═════ Provided data

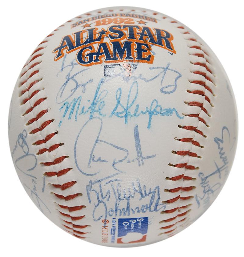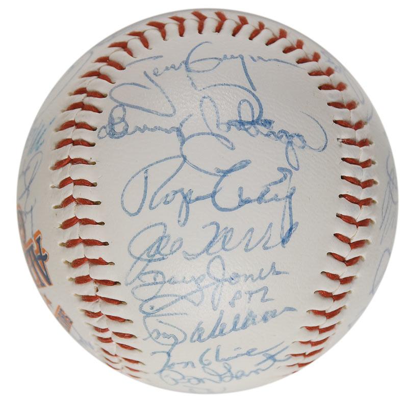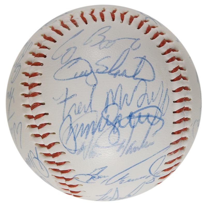 1992 All Star Game commemorative baseball signed in blue ballpoint by 30 members of the 1992 National League All Stars including: Bobby Cox (ss), Tony Gwynn, Ozzie Smith, Ryan Sandburg, Greg Maddux, Gary Sheffield, Lee Smith, Joe Torre, Tom Glavine, Craig Biggio, Will Clark, Benito Santiago, Darren Daulton, Ron Gant, Fred McGriff, and John Smoltz. In fine condition.
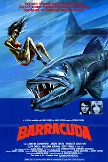Barracuda is a 1977 American horror/thriller film about a small Florida coastal town that is menaced by chemically induced and highly aggressive barracuda fish. The cast included Wayne Crawford, Jason Evers, Roberta Leighton, Cliff Emmich, William Kerwin and Bert Freed. It was directed by Harry Kerwin, with the underwater sequences handled by Wayne Crawford.
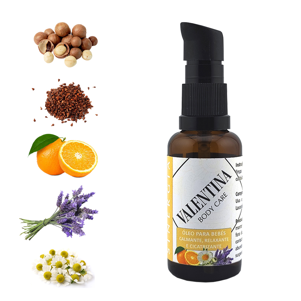 Óleos vegetais de Macadâmia e Uva e óleos essenciais de Laranja doce, Lavanda e Camomila romana.

══════════

(What you have to do): For this exercise, reproduce the data above exactly from the line containing "Barracuda is a" through its final line, both ends included, with no pictures in the copy.

(Solved exercise):
Barracuda is a 1977 American horror/thriller film about a small Florida coastal town that is menaced by chemically induced and highly aggressive barracuda fish. The cast included Wayne Crawford, Jason Evers, Roberta Leighton, Cliff Emmich, William Kerwin and Bert Freed. It was directed by Harry Kerwin, with the underwater sequences handled by Wayne Crawford.
 Óleos vegetais de Macadâmia e Uva e óleos essenciais de Laranja doce, Lavanda e Camomila romana.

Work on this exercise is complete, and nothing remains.